The recent DDoS attacks impacting Swedish cable, Internet and mobile service provider, TeliaSonera is another grim reminder of the impact a DDoS attack can have not only on the business itself, but the 5 million subscribers that were left without service, and left "Sweden not working", as TeliaSonera’s CEO Johan Dennelind has stated publically.
There are a few unique points to take away from this particular attack. The sheer scale of Internet, mobile and cable operators network infrastructure and massive customer base presents an incredibly attractive attack surface. With multiple entry points and significant aggregate bandwidth available make these providers one of the most vulnerable targets for DDoS attacks.
Solution Providers need to protect their internal infrastructure so that they are not used as the attack vector.

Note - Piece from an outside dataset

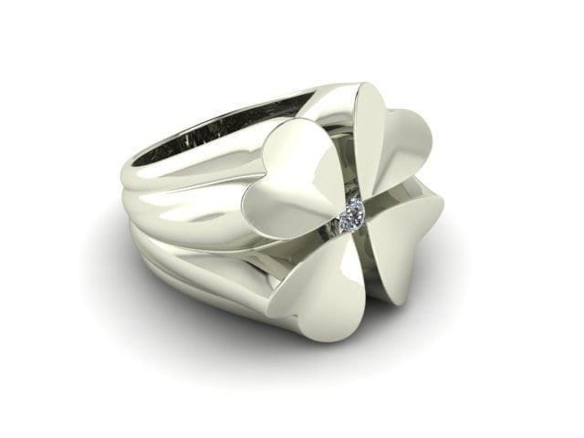 Four Leaf Heart Ring *Moissanite With 10k/14k/18k White, Yellow, Rose, Green Gold, Gold Plated & Silver* Clover Flower Luck Men Women Thumb

Due diligence around patching servers combined with inline DDoS protection and comprehensive security forensics will allow providers to quickly determine that their infrastructure has been compromised. Another equally dramatic takeaway is the escalating malicious use of standard Internet services such as DNS (Domain Name System) and NTP (Network Time Protocol) as unwilling attack drones for third-party Distributed Denial of Service (DDoS) attacks. In reflection or amplification DDoS attack scenarios, the legitimate infrastructure of the Internet is tricked into attacking innocent victims. These specific services are just two common examples of Internet services with vulnerable populations of millions of publicly accessible servers that can be easily co-opted as "bots-on-demand" without any security compromise needing to have taken place in advance of the attack. These innocent servers are just sitting out there, waiting to be called into action to attack at a moment’s notice. Based on reports outlining details of the TeliaSonera takedown, it appears as though some kind of massive amplification attack rendered their services inaccessible for extended periods of time.
As these DDoS attacks have confirmed once again, no single company, organization or government is up to the task of securing the Internet. However, it is encouraging to learn that Swedish postal and telecoms regulator, PTS is organizing efforts to collaborate with telecommunications operators in early 2015 to engage in a dialogue to identify further remediation and protection against these types of attacks in the future.
In order to implement proper protection against DDoS attacks with the performance and scale required by carrier networks, a new architectural approach to DDoS and volumetric attack mitigation will be required. It is no longer sufficient to think in terms of attack mitigation performance in the 1-2 Gbps range. Service providers will need to provide this capability across multiple 40G and 100G links. Fortunately, there have been a number of recent technological improvements utilizing both purpose-built and high-performance security appliances. That means they can be utilized to instantiate arrays of DDoS mitigation engines that can scale into the Terabit range -- designed to offer real-time protection against these evolving threats.